I’m actually using the Virtual AGC simulator for the AGC, as there are very few running AGCs in the world. One, to be precise. There may be one other functional AGC somewhere in interplanetary space, but as it hasn’t been powered on for over fifty years it could probably use some work. Plus, access is hard.
It’s bizarre: 15-bit words, 1s-complement arithmetic, asynchronous logic mostly implemented with discrete logic gates wired together by hand, ferrite core memory and ROM, and the weirdest instruction set you’ll ever find in a mainstream computer. (Is the AGC mainstream? I SAY YES.) It was a miracle of miniaturisation, and its development is largely responsible for the integrated circuit revolution: at one point, apparently, 25% of all ICs produced in the world were going into the AGC development programme.

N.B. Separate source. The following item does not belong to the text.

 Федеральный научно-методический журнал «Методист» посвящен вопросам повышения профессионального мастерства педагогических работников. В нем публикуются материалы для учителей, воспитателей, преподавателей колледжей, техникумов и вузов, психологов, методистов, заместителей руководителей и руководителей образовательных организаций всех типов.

That said, it is a proper von Neumann architecture computer, capable of self-reprogramming and executing code out of RAM. In many ways it feels startlingly modern. It was interesting (if a little frustrating) to port to.
So, the game?
First, download and decompress the binary. Then hand-weave into core rope memory and assemble into an AGC module. Locate a running AGC and insert it into the common-fixed bank 2 slot. Attach a set of LM simulated peripherals to the AGC and power on. If you have a real LM, all the better.

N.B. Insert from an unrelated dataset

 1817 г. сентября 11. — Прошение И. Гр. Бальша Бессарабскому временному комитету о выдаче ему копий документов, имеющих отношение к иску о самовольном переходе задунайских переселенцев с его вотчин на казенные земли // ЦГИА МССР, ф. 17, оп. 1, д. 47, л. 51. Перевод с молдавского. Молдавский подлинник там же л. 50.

To play, press ENTER. The DSKY will show you (top to bottom) your current thrust level, your altitude, vertical velocity, and remaining fuel. Use the pitch control of the Rotational Hand Controller (a.k.a. the joystick) on the LM to control your throttle — push forward for more thrust, center for less thrust. Pay attention to the altitude and velocity alarm lights; if the velocity alarm is lit, you’re going too fast to land safely! Once landed (or crashed) press ENTER to reset and then ENTER again to replay.
(Note. Not certified for flight use. Do not attempt to land your LM on the moon while having the lunar lander game loaded into the AGC. Load Luminary, the real lunar lander software package, instead.
Alternatively, if you don’t have an AGC or LM handy to run it on, you can use Virtual AGC instead. Virtual AGC is a little complex to set up, so refer to the instructions there; you’ll need the ACA and DSKY simulators, and yaAGC must be configured in LM mode rather than CM mode. (Because the command module didn’t have a joystick.)
All the source code for the compiler and the game itself are available from my github repository below. It’s all BSD 2-clause licensed.
⇡Some notes on the machine
So this was way more work than I thought. I was originally expecting to get this done in a few hours. Turns out the AGC instruction set was odder than I expected.
⇡The overall architecture
So, by modern eyes, the AGC is essentially a 15-bit word system with three registers and a 12-bit address bus, meaning it could address only 4096 words of memory (15-bit words). It had 2048 words of RAM and a staggering 36,864 words of ROM, both implemented using ferrite core technology, and a complex banking system for accessing it all. There was also a 9-bit I/O address bus and instructions for accessing it.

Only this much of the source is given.